═════ MATERIAL PROVIDED ═════

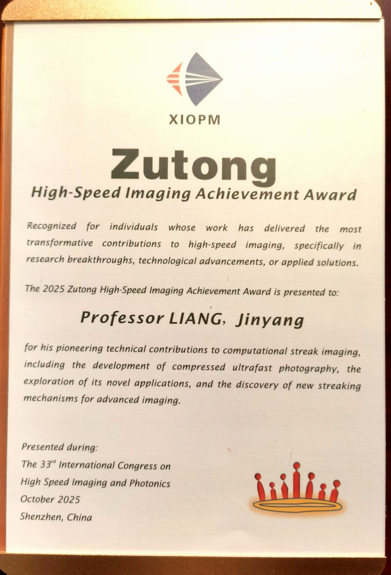 2025/10/17 – Jinyang Liang receives the 2025 Zutong High-Speed Imaging Achievement Award from the 33rd International Congress on High-Speed Imaging and Photonics. Congratulations.
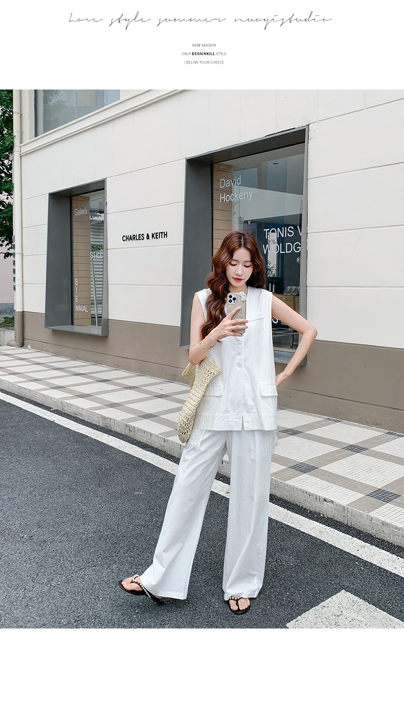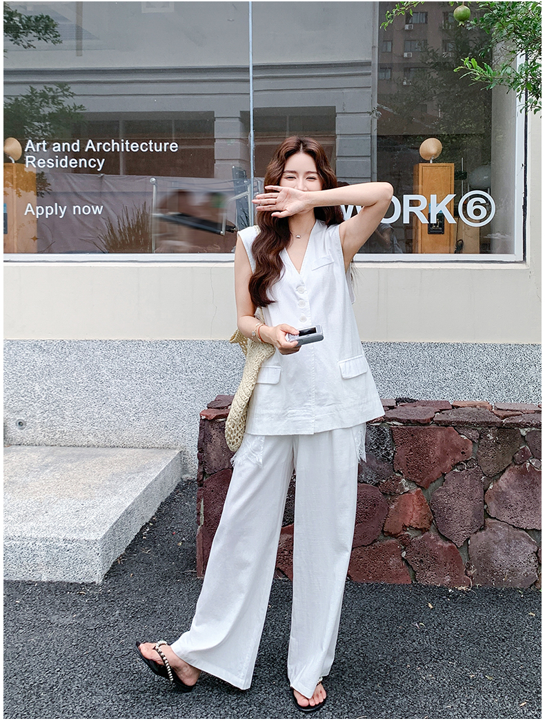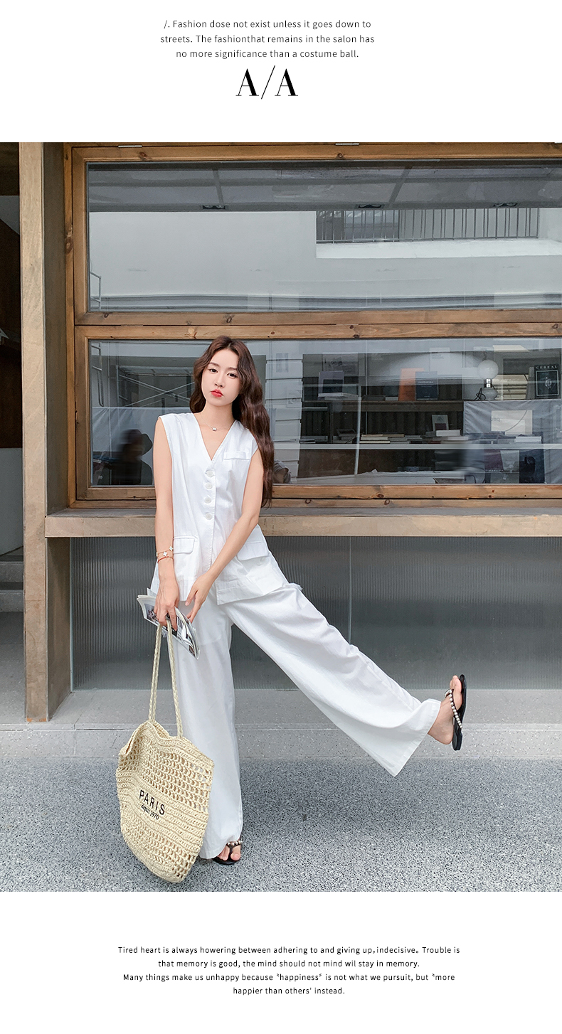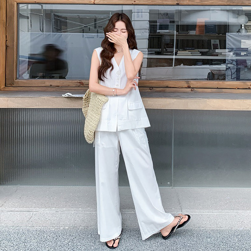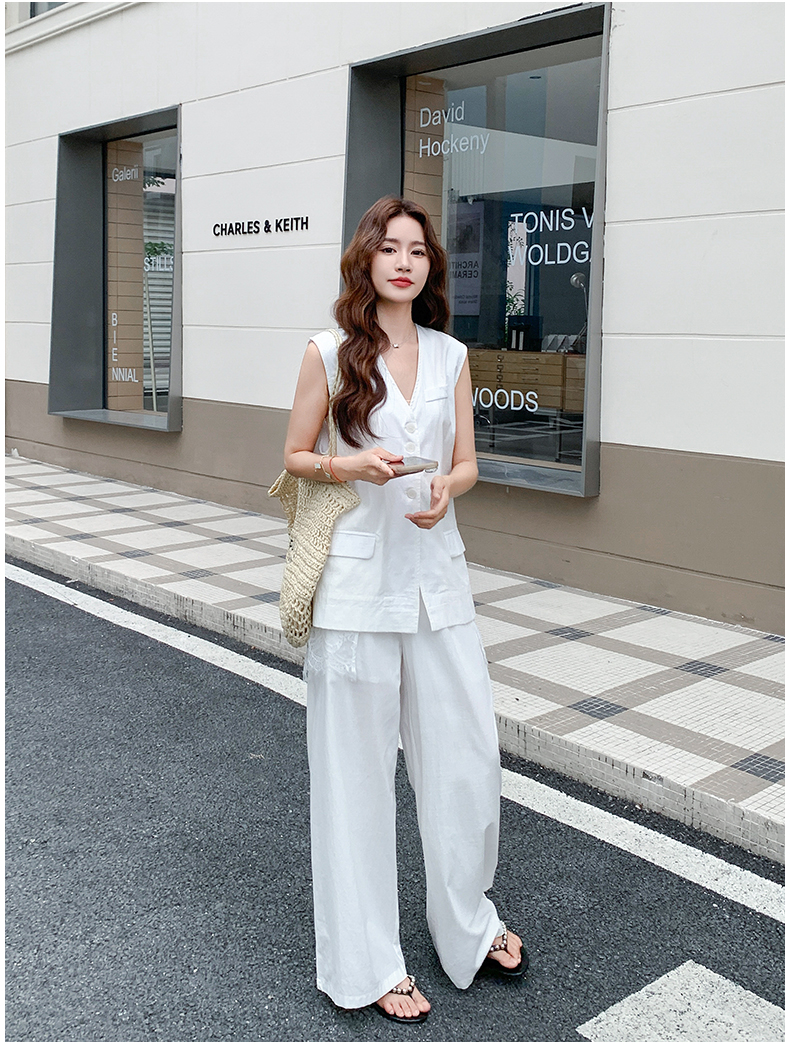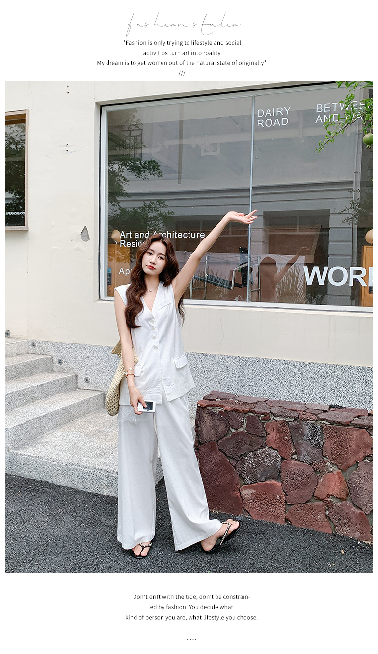 【商品名】2点セット!【ボトムス】夏 通勤 レース切替 バックレス ベスト+ワイドパンツ 上下セット【JZシリーズ】
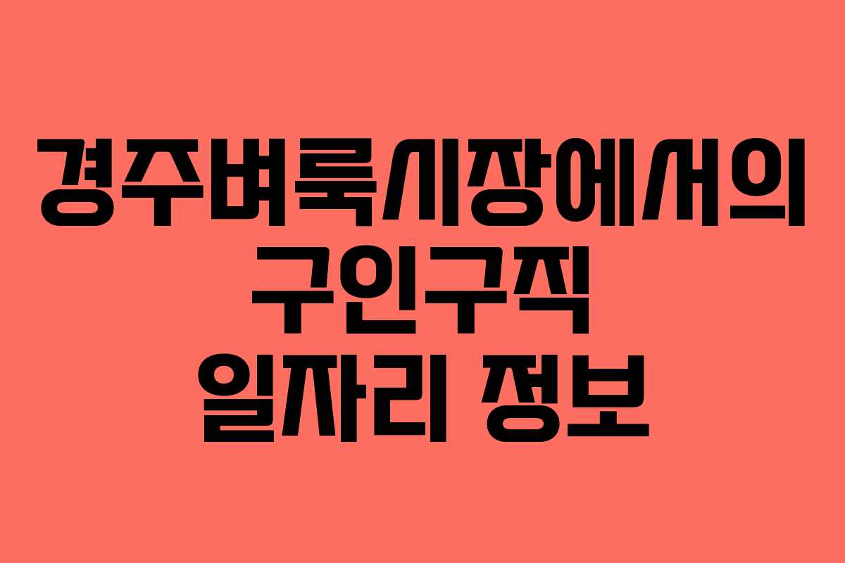 경주벼룩시장은 구직자들에게 유용한 정보를 제공하는 플랫폼입니다. 정기적인 사이트 방문과 적극적인 정보 수집을 통해 여러분이 원하는 일자리를 찾을 수 있기를 바랍니다.
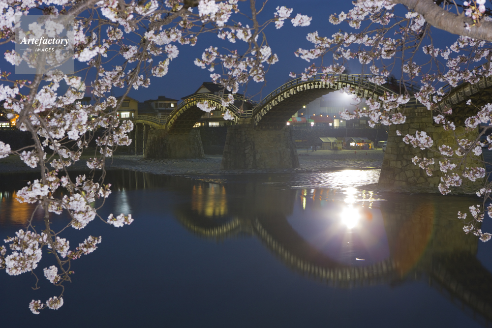 | 作品タイトル | 錦帯橋と桜と錦川の夕景のライトアップ | モデルリリース | なし | |
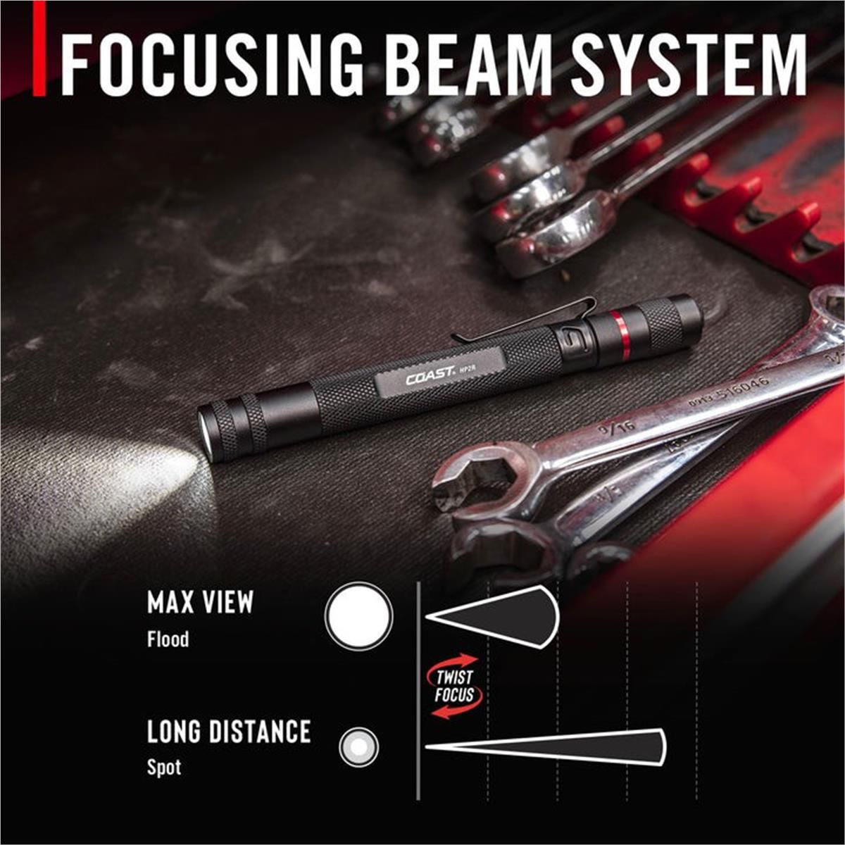 - Twist Focus: Dial in the shape of light you need for the situation. COASTs TWIST FOCUS™ system makes it easy to move between spot and flood beams by simply rotating the head of the flashlight.

═════

WHAT THIS TASK INVOLVES -
Every record gets retyped exactly; no picture goes into the copy.

TASK ANSWER -
 2025/10/17 – Jinyang Liang receives the 2025 Zutong High-Speed Imaging Achievement Award from the 33rd International Congress on High-Speed Imaging and Photonics. Congratulations.
 【商品名】2点セット!【ボトムス】夏 通勤 レース切替 バックレス ベスト+ワイドパンツ 上下セット【JZシリーズ】
 경주벼룩시장은 구직자들에게 유용한 정보를 제공하는 플랫폼입니다. 정기적인 사이트 방문과 적극적인 정보 수집을 통해 여러분이 원하는 일자리를 찾을 수 있기를 바랍니다.
 | 作品タイトル | 錦帯橋と桜と錦川の夕景のライトアップ | モデルリリース | なし | |
 - Twist Focus: Dial in the shape of light you need for the situation. COASTs TWIST FOCUS™ system makes it easy to move between spot and flood beams by simply rotating the head of the flashlight.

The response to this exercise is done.